Este lugar de Bruscos, situado na Ribeira ou Vale do mesmo nome, constituiu um pequeno concelho até 1835. Na origem de Bruscos talvez esteja uma herdade já cultivada e possivelmente a formar um pequeno agregado populacional. Existe uma Carta de Venda, desta herdade, datada de 1147, a Rodrigo Pelais, alcaide de Coimbra, e a sua esposa D. Elvira Rabaldes, da Herdade de Podentes, situada entre Penela e Miranda do Corvo onde já se menciona o nome de Bruscos. Sabe-se, também que Pedro Julião, subdiácono da Igreja de S. Cristóvão de Coimbra, adquiriu duas casas em Bruscos e uma terra, no ano de 1175. O lugar era e continua a ser divido em cinco núcleos de designação bem antiga, a Torre, a Quelha, o Concelho, a Venda e Malta. Torre, porque em tempos aí se ergueu uma torre mourisca, para a construção da igreja que mais tarde foi transferida para Vila Seca.

O substantivo quelha, é um provincianismo ainda usado nas regiões serranas a designar caminho estreito, tortuoso e de piso irregular e, esta talvez seja a razão pela qual a ligação entre a Torre e o Concelho se chame Quelha.

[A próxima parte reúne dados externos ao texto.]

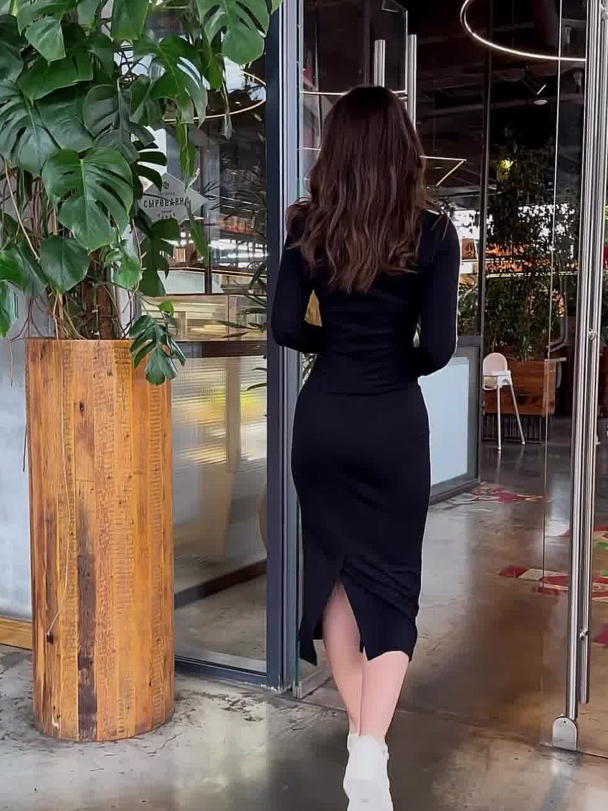 Plataz Hips Light Cooked Wind Comfortable And Casual Body Slim Thin Long Sleeve Pull-And-Slung V-Neck Dress
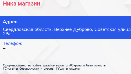 Ника, магазин по адресу Свердловская область, Верхнее Дуброво, Советская улица, 29а в дальнейшем Организация, размещена в следующих категориях:

Concelho, porque neste local esteve o Domos deste pequeno concelho datado de 1835.


Venda, este nome mais recente será porque aqui terá havido uma estalagem, hoje café Rosi, onde também se fazia a venda de produtos dos almocreves e mais tarde das galeras puxadas por quatro mulas, utilizadas no transporte e venda de peixe vindo da Figueira da Foz..

Malta, talvez porque em tempos idos aí se instalou a algum dignitário da Ordem de Malta

As restantes ruas e largos têm o nome popular de acordo com qualquer coisa que os sinaliza. Por exemplo, a Rua do Sapateiro, onde vivia o sapateiro da aldeia, o Largo do Freixo, onde existe um lindo freixo já com algumas dezenas ou talvez até centenas de anos;

a Rua do Carvalheiro Monumental, porque no final dessa rua aí caiu, há muitos anos, um enorme carvalheiro e aí ficou até hoje;


a Rua do Largo, talvez porque seja o largo maior do lugar onde os mais velhos, nos seus tempos de criança, brincavam e a Rua da Capela , rua onde fica a capelinha de Senhora da Conceição e de Stº Isidoro.

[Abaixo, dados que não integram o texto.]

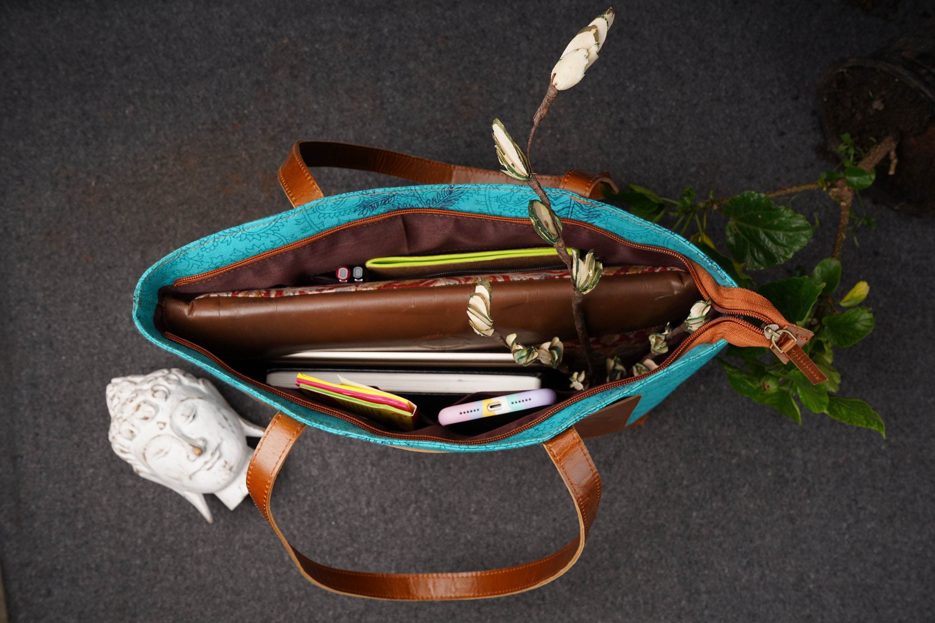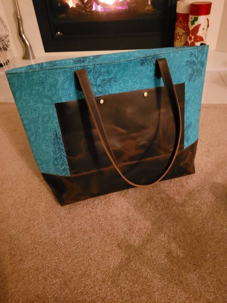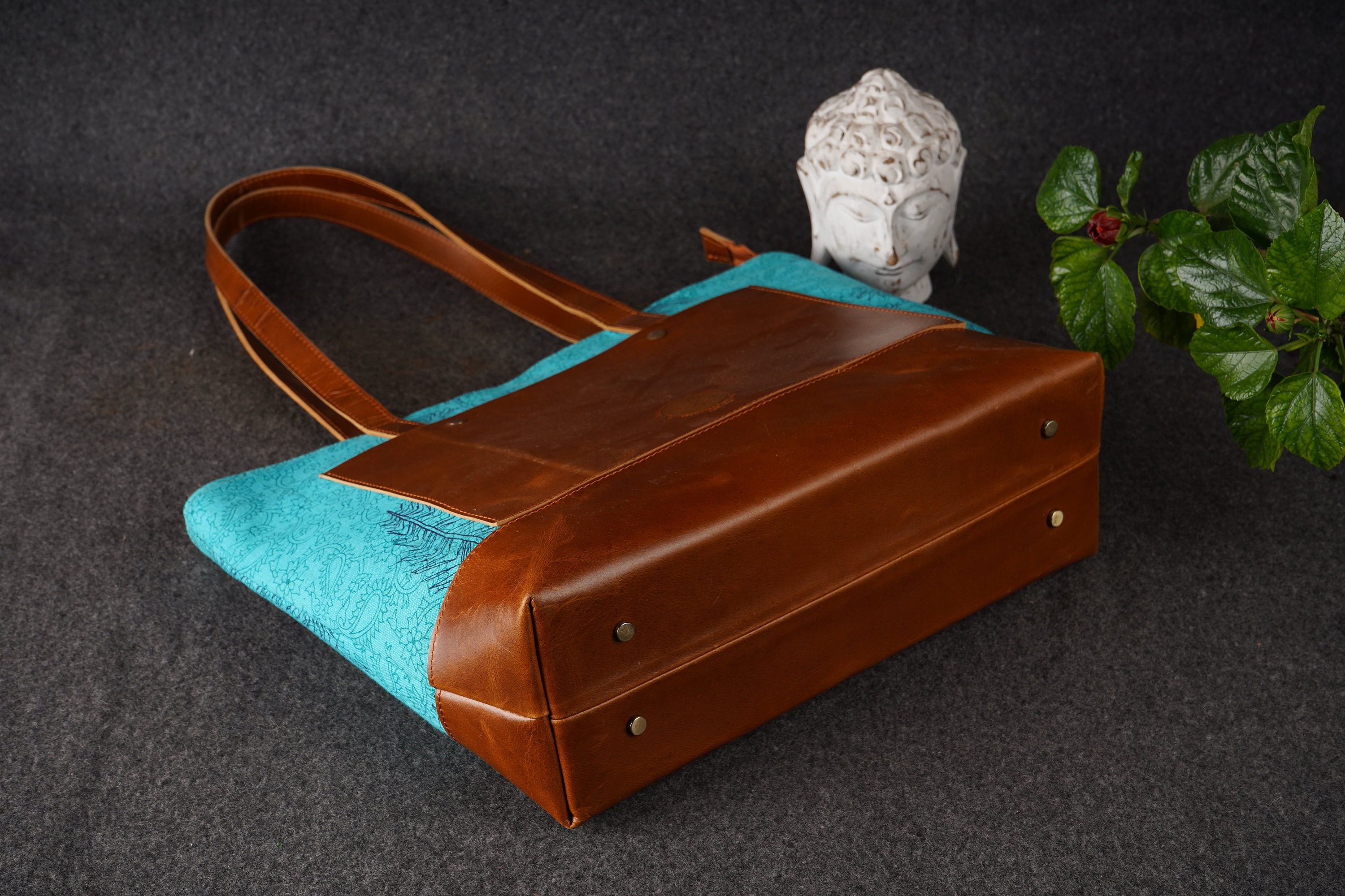 I love this bag! The colours are exactly as they appear in the image. I have the turquoise and dark leather colours. There's lots of room for my laptop and other stuff. The bag is quite stiff but I think the leather will loosen up a bit as I use it.

ARTES , OFÌCIOS E TRADIÇÕES

O comércio de peixe, é sem duvida uma das actividades mais antigas, desta terra. Entre os anos de 1940 e 1970, eram talvez mais de cem pessoas que diariamente trabalhavam no comércio de peixe. O peixe, esse, iam-no buscar a pé, com as mulas à reata, à lota da Figueira da Foz. Depois, nos dias seguintes distribuíam-no por várias localidades. Chegavam mesmo a fazer a venda de peixe em Góis e Pampilhosa da Serra. O que hoje nos parece qualquer coisa de incrível! Também aqui, viviam mais de vinte artífices “Lavrantes de Cantarias”. Trabalhavam a pedra com perícia. Faziam cantarias de qualquer espécie, da pedra arrancada das pedreiras, da região. Era também uma terra de prestigiados sapateiros que calçavam tanto os grandes senhores como as gentes da terra . A agricultura, sempre foi a base do sustento das famílias cá da terra . Aqui, se cultivava o bom vinho, o bom azeite e alguns cereais, principalmente o milho. Tal como nos velhos tempos, ainda hoje se amanha a terra e se fazem as colheitas . Ficaram-nos de tempos idos, as ternas recordações das antigas desfolhadas e da apanha da azeitona. Havia, na altura, dois lagares de azeite que trabalhavam três meses sem descanso. Ranchos, sem conta, de gente alegre, faziam a apanha da azeitona, sempre cantando lindas canções.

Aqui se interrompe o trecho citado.